Friday, September 4, 2015


Aug 4th Donald Trump

As everyone must know by now, Donald Trump has signed the required pledge not to run as an independent. The man has power; Reince Priebus, the RNC chairman came all the way from Washington D.C. to confer with Trump at the famous Trump Tower after which Trump held a press conference. He waved a copy of the unenforceable pledge he had signed in which he agreed to support whoever is nominated and not to run as a third party candidate.

Of course he did; why not? He is leading big time in all polls except Iowa where the fundamentalist retired neurosurgeon, Ben Carson, is tied with him. Being a fundamentalist in Iowa and not being a politician is worth several points. Some of these seriously church going folks may not have been willing to laugh off Trump’s comments about “not needing forgiveness because if I do something bad I fix it myself.” There was also this gem when Trump said of the Sacrament, “I take my little glass of wine…and eat my little cracker.” For devout Christians who believe that the wine symbolizes the blood of Christ and the wafer his flesh this skirts blasphemy but doesn’t skirt it by very much. Who should be surprised that Trump, in Iowa, is head to head with a man who claims that evolution is a myth?

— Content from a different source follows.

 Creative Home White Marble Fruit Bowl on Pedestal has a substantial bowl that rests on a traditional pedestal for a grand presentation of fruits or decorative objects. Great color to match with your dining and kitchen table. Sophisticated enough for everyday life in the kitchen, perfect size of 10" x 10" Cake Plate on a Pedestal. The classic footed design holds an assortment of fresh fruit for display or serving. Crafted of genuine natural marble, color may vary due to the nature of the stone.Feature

Other than Iowa which might be close, Trump is ahead everywhere, Why not sign this pledge if it looks fairly certain that he’s going to win the nomination?  If he runs as an Independent he faces enormous challenge and much expense trying to get on the ballot in many states. On the other hand his appeal relies heavily on his thumbing his nose at convention and authority; signing this pledge like a good little boy doesn’t fit that image at all.  Even so I doubt that this move will damage his popularity. We’ll see when the next polls appear.

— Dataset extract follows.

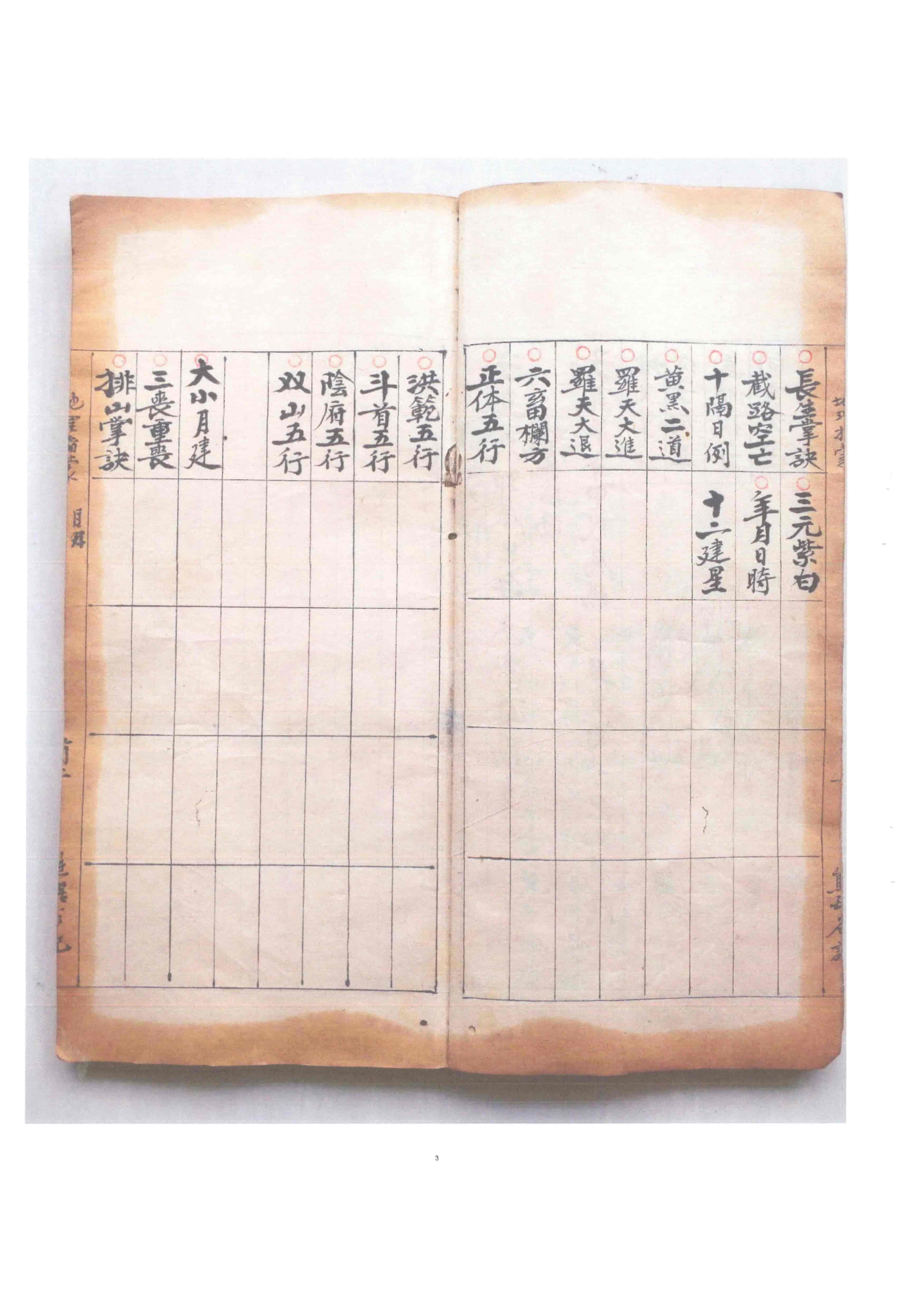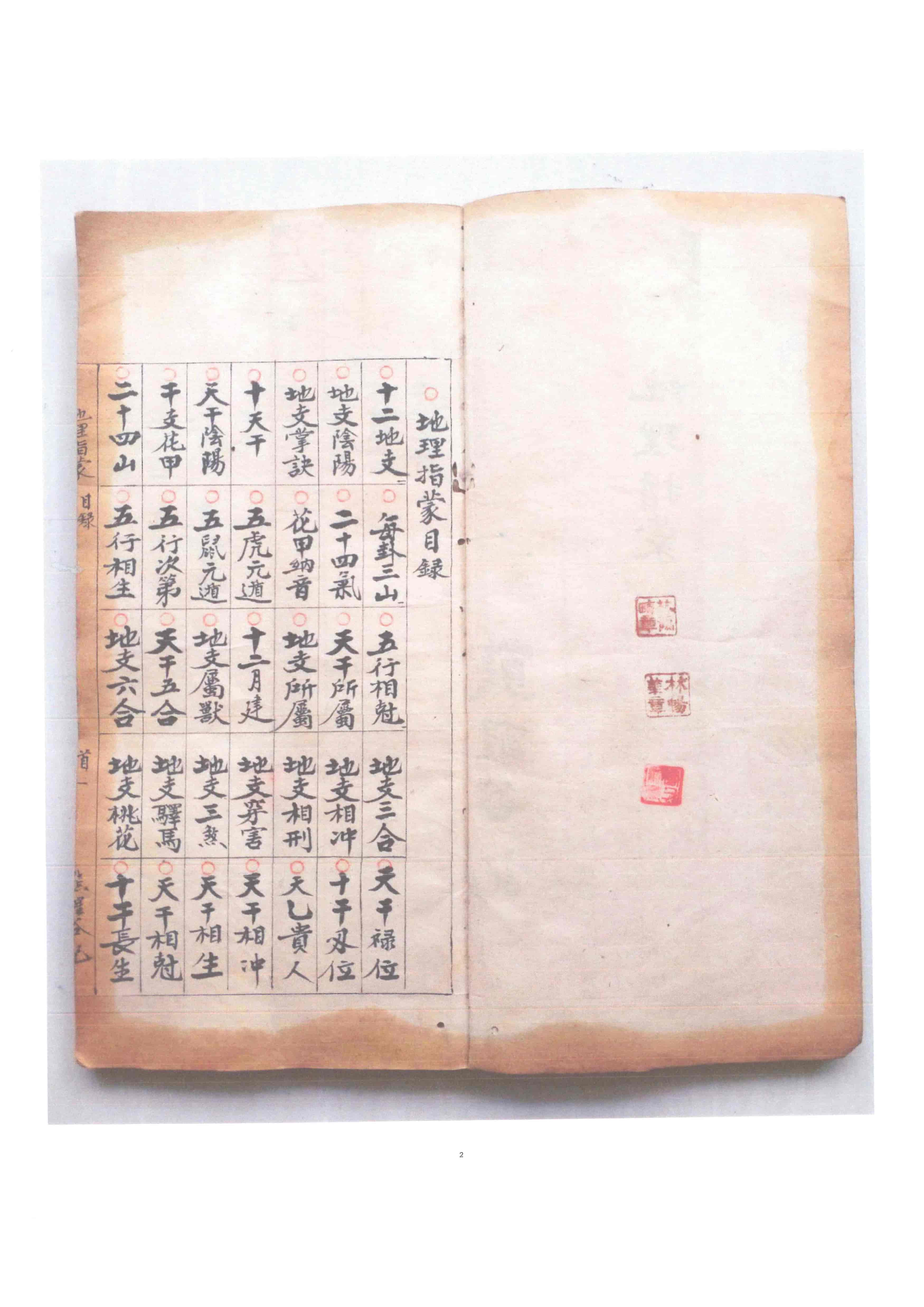 《地理指蒙》目录:十二地支,地支阴阳,地支掌诀,十天干,天干阴阳,干支花甲,二十四山,每卦三山,二十四气,花甲纳音,五虎元遁,五鼠元遁,五行次第,五行相生,五行相尅,天干所属,地支所属,十二月建,地支属兽,天干五合,地支六合,地支三合,地支相冲,地支相刑,地支穿害,地支三煞,地支驿马,地支桃花,天干禄位,十干刃位,天乙贵人,天干相冲,天干相生,天干相尅,十干长生,长生掌诀,截路空亡,十隔日例,黄黑二道,罗天大进,罗天大退,六畜栏方,正体五行,洪范五行,斗首五行,阴府五行,双山五行,大小月建,三丧重丧,排山掌诀,三元紫白,年月日时,十二月建。

Yesterday on a radio show Trump was interviewed by a host, Hugh Hewitt, a conservative, who asked him if he was familiar with the names of some Middle Eastern leaders. The host then named the leader of Quod, Hassem Soleimani, and Trump was stumped. Then Hewitt explained that he was the leader of Quod and Trump thought he heard “Kurds” and responded accordingly. A fuming Trump later complained that it was a “gotcha” question and some intellectuals like Laura Ingalls heartily agreed.  Hewitt said that he has asked tough questions of all his interviewees; he is a graduate of the University of Michigan and of Harvard Law School so maybe he expects more from candidates who hope to be President of the United States.

So what constitutes a gotcha question? It is a question designed to make its target look foolish when they can’t answer it. If the target can’t answer a question, any question, then the target will label that a gotcha question, witness Katie Couric asking Sarah Palin what periodicals she read. When Palin blew it she labeled it a gotcha question. A candidate once asked himself what turned out to be a gotcha question. Governor Perry, running for President in 2012, said he would shut down three government cabinets; then, virtually asking himself the question, which ones, tried to name them and could only name two. His failure to answer his own question helped doom his candidacy.